Vorher war ich bis 2009 in der CDU, deren Kreisverband seit 2003 von Mike Mohrig geleitet wurde. Da fanden immer wieder Säuberungen statt und nur extreme Kriecher konnten etwas werden. Wegen geringsten Vergehen wurden Leute kaltgestellt. Mohrings Konkurrentin um den Bundestagswahlkreis – Vera Lengsfeld – hatte die Mittelstandsvereinigung MIT gegründet. Alle, die daran teilgenommen hatten, kamen auf die schwarze Liste. Nun ist die CDU sicher kein Maßstab für demokratische Tugenden. Wenn sie das wäre, so würde man erkennen, daß die thüringer AfD im Innern wesentlich liberaler geführt wird, als die christdemokratische Konkurrenz. Auch wenn in einem Sportlehrer immer ein Antreiber steckt.

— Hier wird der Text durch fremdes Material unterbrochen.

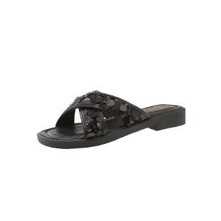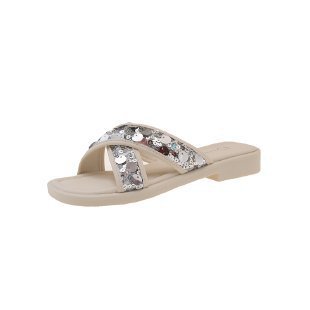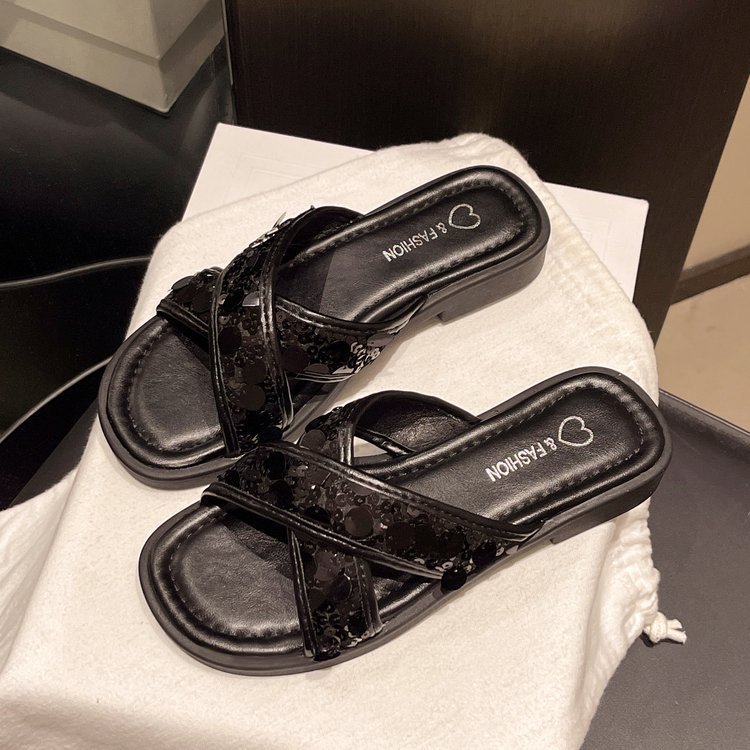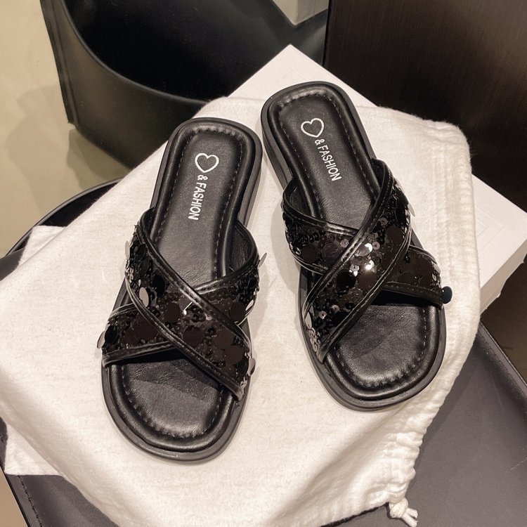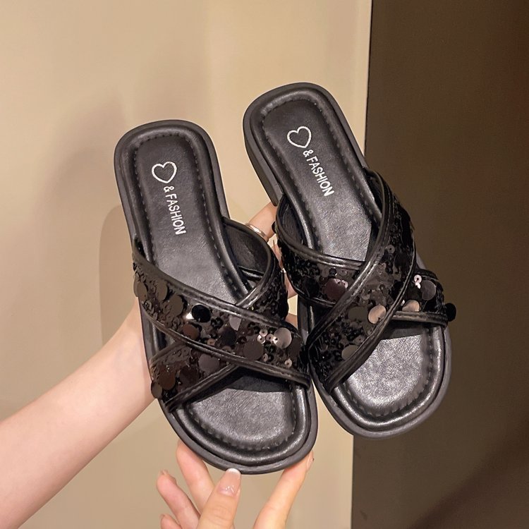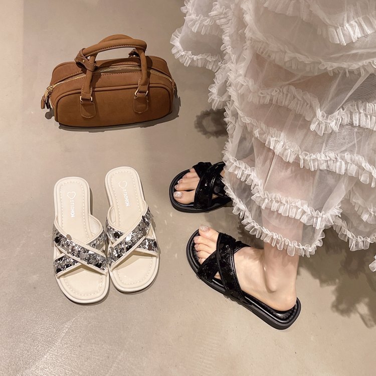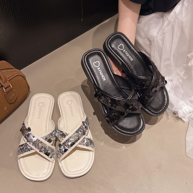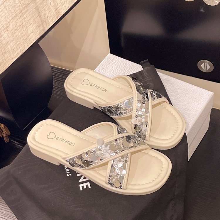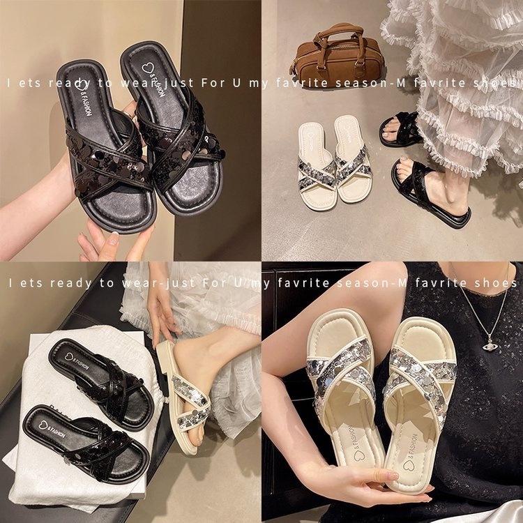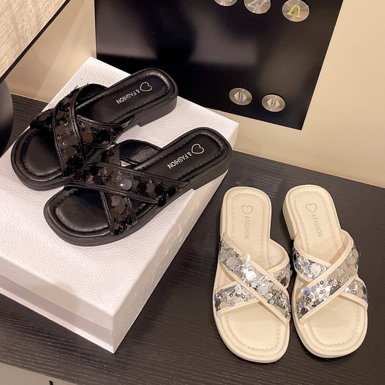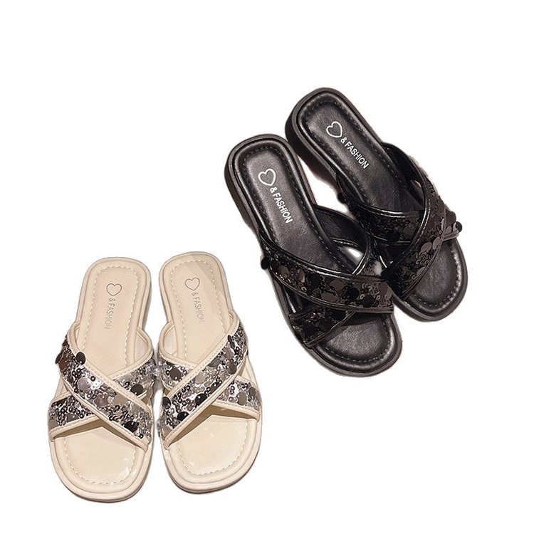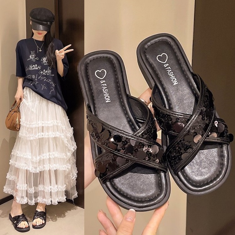 Красивые блестящие тапочки для женской летней верхней одежды 2025 года, новая мода, универсальные сандалии на толстой подошве с юбками
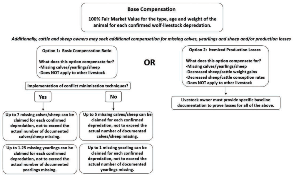 Colorado is required to compensate producers for livestock and working animals injured or killed by wolves as well as for indirect losses — which cover missing animals as well as reduced weight and pregnancy rates — on ranches impacted by wolf depredations.

Auch bei den thüringischen Grünen ist innerparteilich die Diskussion um den besten Weg unter die Räder gekommen. Eine kleine Clique um KGE, Lauinger und Co. hat dank der Ressourcen der Landtagsfraktion inzwischen das Übergewicht in den Gremien erlangt und kann – was Personalien betrifft – schalten und walten. Eine Führerpartei ensteht immer wieder sehr schnell. Wer im Glashaus sitzt, soll nicht mit Steinen werfen.